Need help in matching strings from phrases from multiple columns of a dataframe in python

Need help in matching phrases in the data given below where I need to match phrases from both TextA and TextB.
The following code did not helped me in doing it how can I address this I had 100s of them to match
#sorting jumbled phrases
def sorts(string_value):
sorted_string = sorted(string_value.split())
sorted_string = ' '.join(sorted_string)
return sorted_string
#Removing punctuations in string
punc = '''!()-[]{};:'"\,<>./?##$%^&*_~'''
def punt(test_str):
for ele in test_str:
if ele in punc:
test_str = test_str.replace(ele, "")
return(test_str)
#matching strings
def lets_match(x):
for text1 in TextA:
for text2 in TextB:
try:
if sorts(punt(x[text1.casefold()])) == sorts(punt(x[text2.casefold()])):
return True
except:
continue
return False
df['result'] = df.apply(lets_match,axis =1)

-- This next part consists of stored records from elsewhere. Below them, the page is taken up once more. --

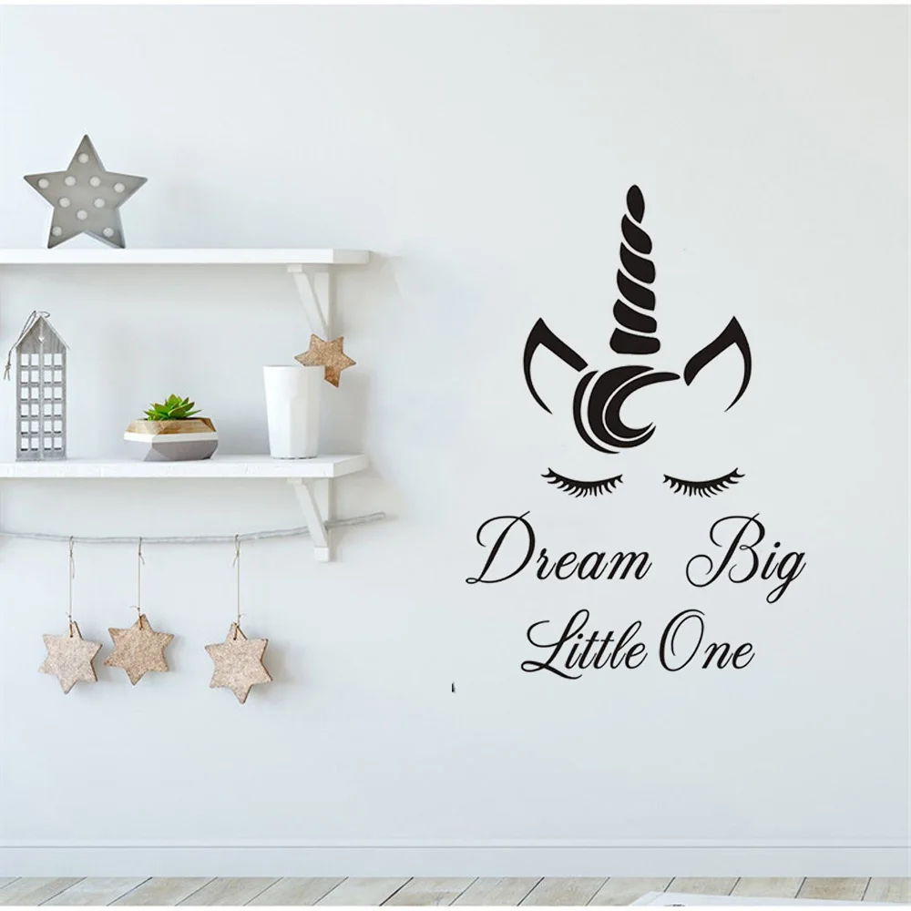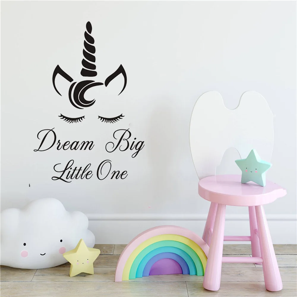 Dream Big малыш Цитата стены наклейки виниловые наклейки на стены Детский жакет из денима для девочки; Украшение в виде единорога обои дом стены искусства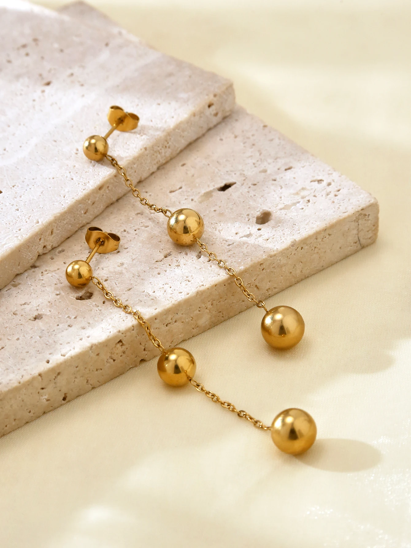 Fashion Elegant Simple Premium Feeling Stainless Steel 18K Gold Plated Three Large And Small Beads Dangle Earrings For Women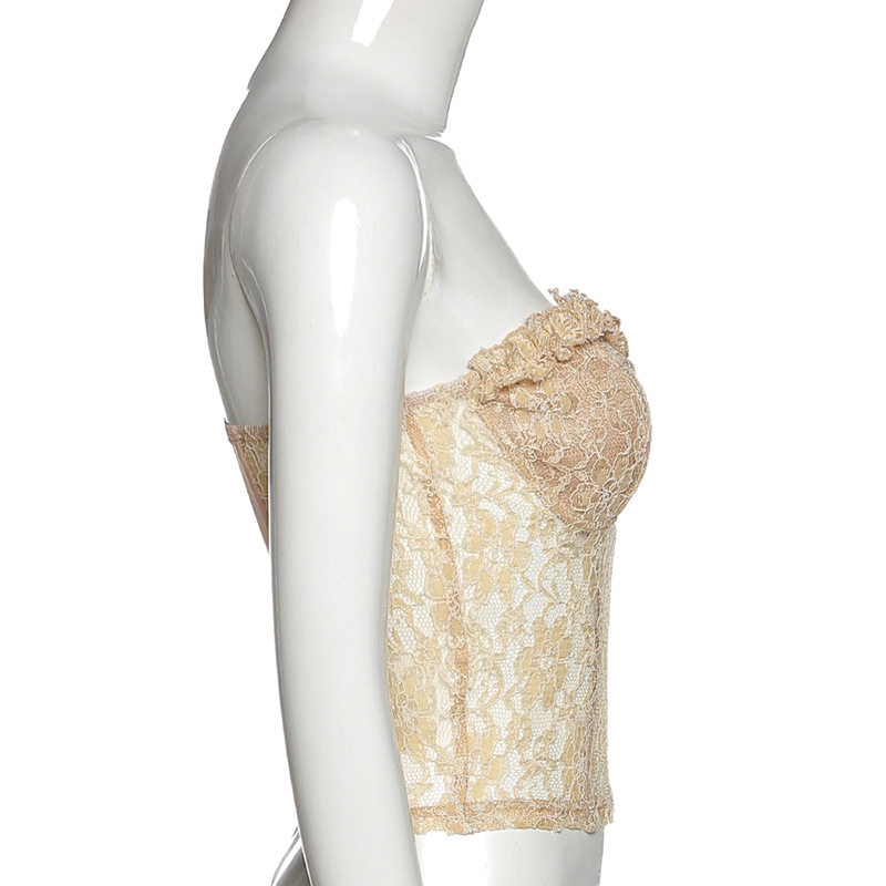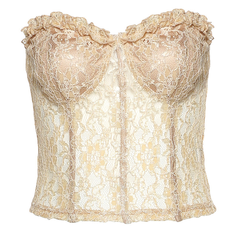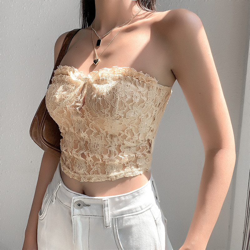 Сексуальная приталенная майка пуш-ап, кружевной топ без лямок, белье для повседневной носки, европейский стиль, открытые плечи, кружевное платье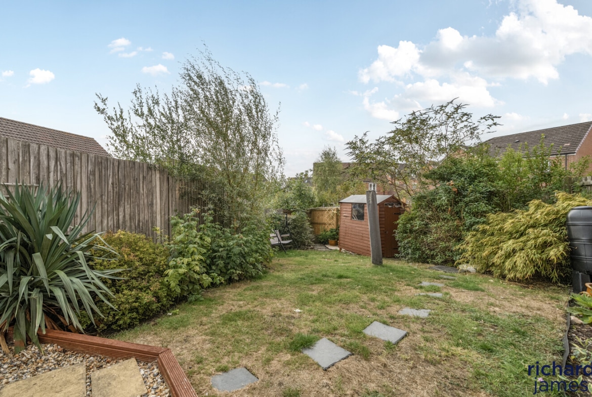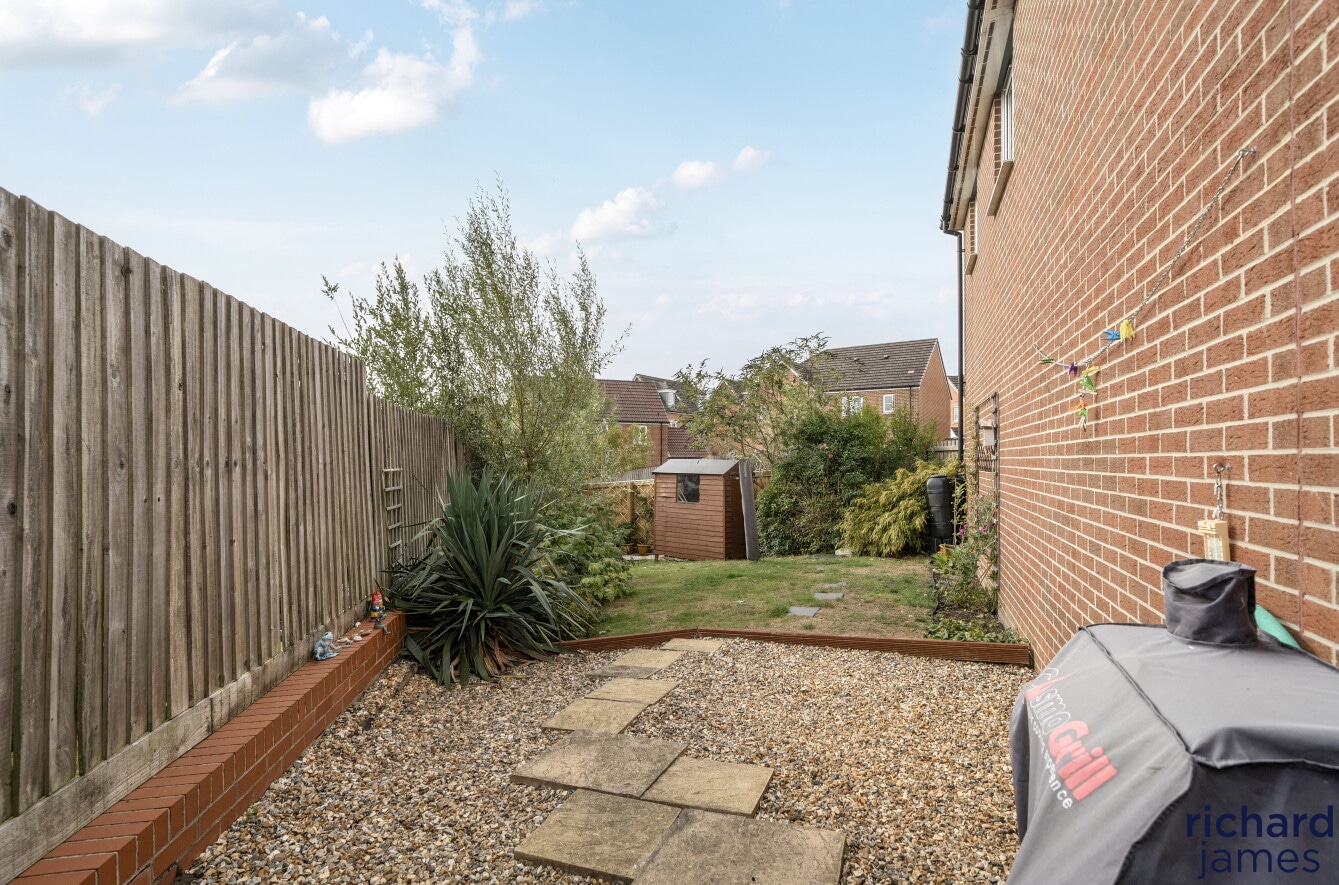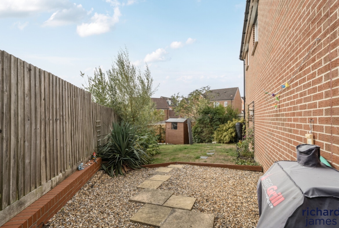 To the rear, accessed either through the garage or via a side gate, is a generous and enclosed private garden, laid to lawn and gravel, complete with a timber garden shed and close board fencing for added privacy.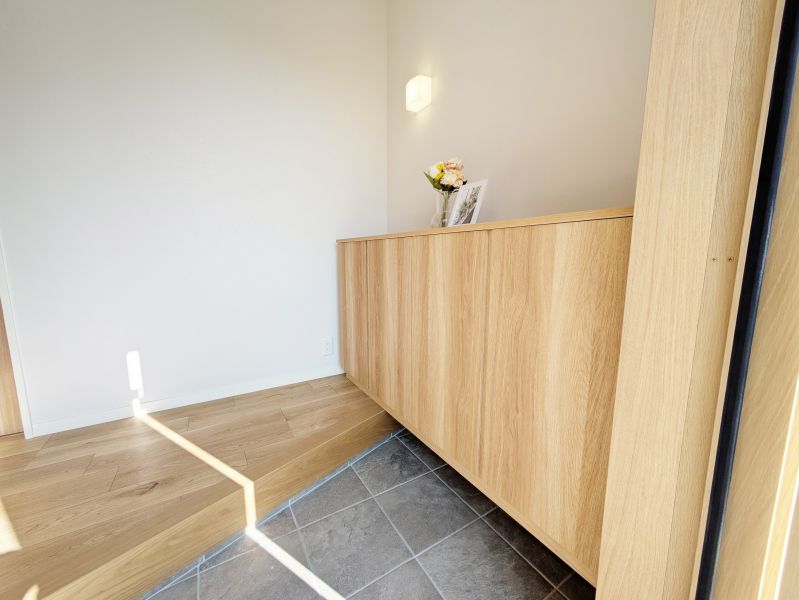 シューズボックスを完備し、家族全員の靴をスッキリ収納。玄関を常に美しく保てるため、急な来客時も慌てずお迎えできます。

even after implementing string sort, removing punctuations and case sensitivity I am still getting those strings as not matching. I am I missing something here can some help me in achieving it
Actually you can use difflib to match two text, here's what you can try:
from difflib import SequenceMatcher
def similar(a, b):
a=str(a).lower()
b=str(b).lower()
return SequenceMatcher(None, a, b).ratio()
def lets_match(d):
print(d[0]," --- ",d[1])
result=similar(d[0],d[1])
print(result)
if result>0.6:
return True
else:
return False
df["result"]=df.apply(lets_match,axis =1)
You can play with if result>0.6 value.
For more information about difflib you can visit here. There are other sequence matchers also like textdistance but I found it easy so I tried this.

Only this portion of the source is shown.